16.4.2 Why not run separate one-way ANOVAs?

The most common question students raise about factorial designs is: why not simply run a separate one-way ANOVA for each factor? The answer is threefold. First, running multiple separate ANOVAs inflates the familywise Type I error rate — the probability of a false positive grows with every additional test performed. Second, and more importantly, separate ANOVAs cannot detect interactions. The interaction between Group and Sex — the possibility that training benefits male and female participants differently — simply does not exist in a world of separate one-way tests, because it requires examining both factors simultaneously. Third, the factorial ANOVA typically uses a smaller error term than separate one-way ANOVAs, because the variance attributable to both factors and their interaction is removed before estimating error, yielding more powerful tests^[1,2].

16.5 Main effects and interactions

16.5.1 Main effects

A main effect is the overall effect of one factor, averaging across all levels of all other factors. In a 2(Sex) × 2(Group) design, the main effect of Group represents the difference in the group means — Training versus Control — computed by collapsing across (i.e., ignoring) sex.
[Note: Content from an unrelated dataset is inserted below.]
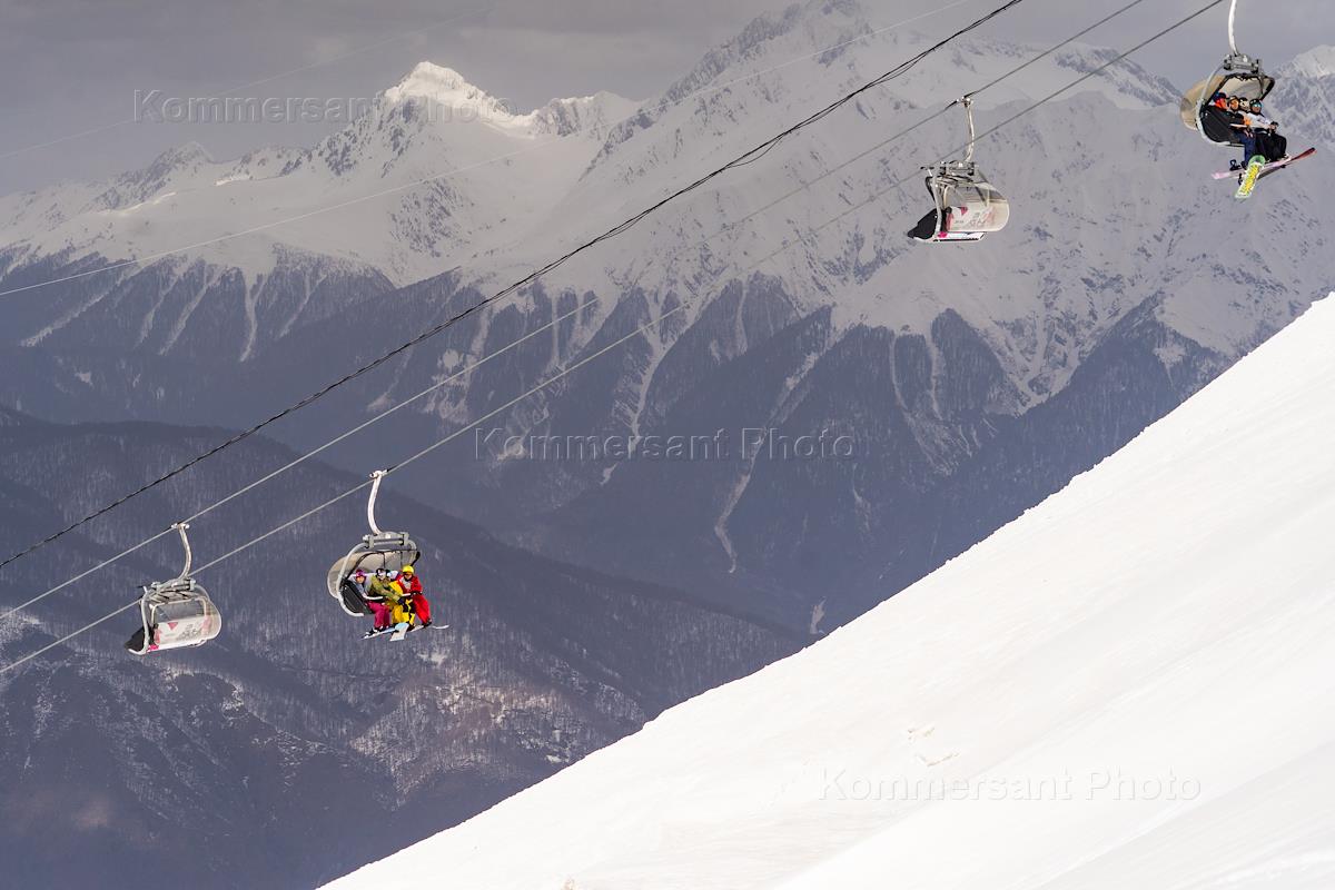 Виды горнолыжного курорта "Красная Поляна". Жанровая фотография. Подъемник.

If the training group averages 85 kg and the control group averages 77 kg regardless of sex, there is a main effect of Group. The main effect of Sex, similarly, is the difference in the sex means regardless of group assignment. Main effects are perfectly interpretable when they are not qualified by an interaction — but when an interaction is present, the main effects can be misleading and must be interpreted with caution.

16.5.2 Interactions

An interaction occurs when the effect of one factor differs depending on the level of another factor. Consider two scenarios using strength gain data. In the first, training increases strength by approximately 8 kg in both male and female participants — the effect of Group is identical regardless of Sex. There is no interaction. In the second scenario, training increases strength by 12 kg in male participants but only 4 kg in female participants — the effect of Group depends on Sex. There is an interaction, and understanding the training effect requires specifying for whom it operates.
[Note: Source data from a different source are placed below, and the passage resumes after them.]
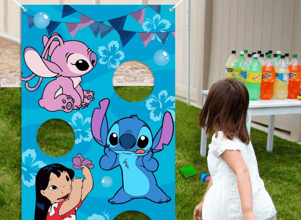 Looking for a party activity that entertains kids and adults alike? This toss game is an absolute favorite! With a large Stitch banner and bean bags, itâs perfect for sparking some friendly competition.
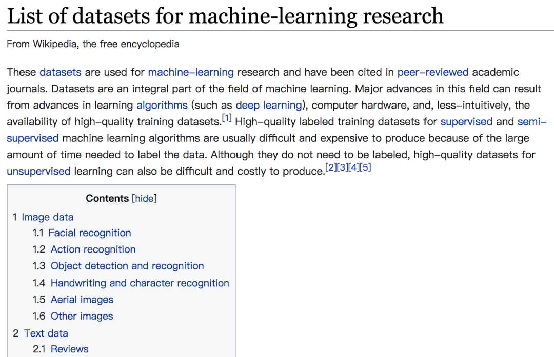 网址:https://en.wikipedia.org/wiki/List_of_datasets_for_machine-learning_research
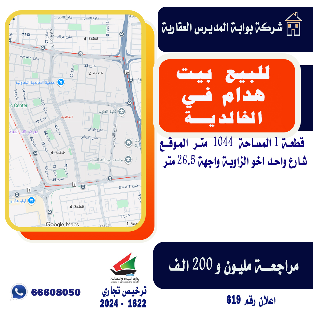بيت هدام للبيع فى الخالدية Share ملخص للبيع بيت هدام فـي الخالدية ، قطعة 1. المساحة 1044 متر مربع ، المـوقـع شارع واحد اخو الزاوية واجهة 26.5 متر مراجعة ، مليون و 200 ألف د.ك يمنع الوسطاء شركة بوابة المديرس العقارية اعلان رقم 619 التفاصيل حالة: للبيع Page Views الأماكن القريبة من جوجل خصائص ذات صلة للبيع تجربة عنصر للبيع abdulrahman منذ 4 أسابيع للبيع للبيع أرض بالخيران السكنية قطعة 2 بطن وظهر admin منذ شهرين Close
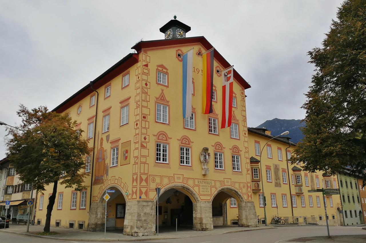 Das anlässlich der Zusammenlegung der Gemeinden Garmisch und Partenkirchen im Jahr 1935 errichtete Rathaus im Ortsteil Partenkirchen
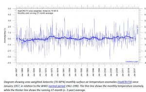 Til slutt skal temperaturutviklingen for polene presenteres nærmere; det slås ofte stort opp at på disse stedene øker temperaturen vesentlig – dette er fullstendig feil – men gjentas uansett.
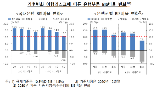 탄소중립 친환경 경제로의 전환 과정은 금융 시스템에도 적잖은 영향을 미칠 것으로 예상된다. 한은이 보고서를 통해 공개한 국내 은행의 자기자본비율(BIS 비율)의 경우, 2℃ 시나리오에서는 2050년경에 올해 대비 최대 2.6%p 하락했고, 1.5℃ 시나리오에서는 2050년경에 올해 대비 최대 5.8%p 떨어졌다. 한은은 기후변화로 인한 피해가 현실화된다면, 기업의 금융자산 가치가 하락해 같은 자산을 보유한 금융기관의 건전성도 악화할 것이라고 분석했다.

The distinction between a quantitative and a qualitative interaction is important in movement science. A quantitative interaction (sometimes called an ordinal interaction) occurs when one group benefits more than another, but both groups still change in the same direction — a difference in magnitude, not direction. A qualitative interaction (disordinal interaction) occurs when the direction of the effect reverses: training improves one group but impairs another. Qualitative interactions are scientifically dramatic but relatively rare in movement data; quantitative interactions are common and often represent the most meaningful finding in a training study^[1].
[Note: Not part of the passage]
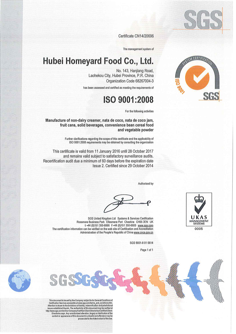 Hubei Homeyard Food Co.,Ltd is a high and new technology company specially engaged in technologic development ,production and sales of Food Ingredients.Established in 2009, we have possessed of the production scale of 60 thousand tons of non dairy creamer , 100 thousand tons of nata de coco and popping boba, 40 thousand tons of canned foods, 30 thousand tons of grain and fruit powder. Our products are sold well in 26 province of China and also have been exported to foreign country such as Korea, Vietnam, Thailand, Japen, Russia, Myanmar ,ect.
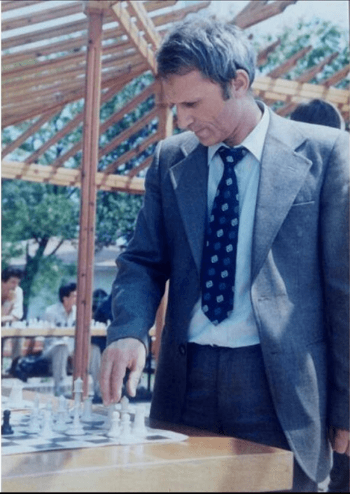 A frequent visitor at the Istanbul Chess Association, FIDE Arbiter and immigrant from Bulgaria, İsmet Arvit, making a move with Gambit model chess pieces during a simultaneous exhibition in Istanbul.

The clearest way to detect and communicate an interaction is through an interaction plot: a graph with the levels of one factor on the x-axis, the outcome variable on the y-axis, and separate lines for each level of the second factor. When the lines are parallel (or nearly so), there is no interaction. When the lines diverge, converge, or cross, an interaction is present. Figure 16.1 illustrates both patterns using simulated data.

Code

library(ggplot2)
library(dplyr)

set.seed(42)

# Combine both scenarios into a single data frame for faceting
d_schematic <- data.frame(
  Scenario = rep(c("No Interaction", "Interaction Present"), each = 4),
  Group    = rep(rep(c("Control", "Training"), each = 2), 2),
  Sex      = rep(rep(c("Female", "Male"), 2), 2),
  Mean     = c(77, 87, 76, 86,   # no interaction: parallel lines
               77, 87, 76, 92)   # interaction: lines diverge for Male
)

d_schematic$Scenario <- factor(d_schematic$Scenario,
                                levels = c("No Interaction", "Interaction Present"))
d_schematic$Group    <- factor(d_schematic$Group, levels = c("Control", "Training"))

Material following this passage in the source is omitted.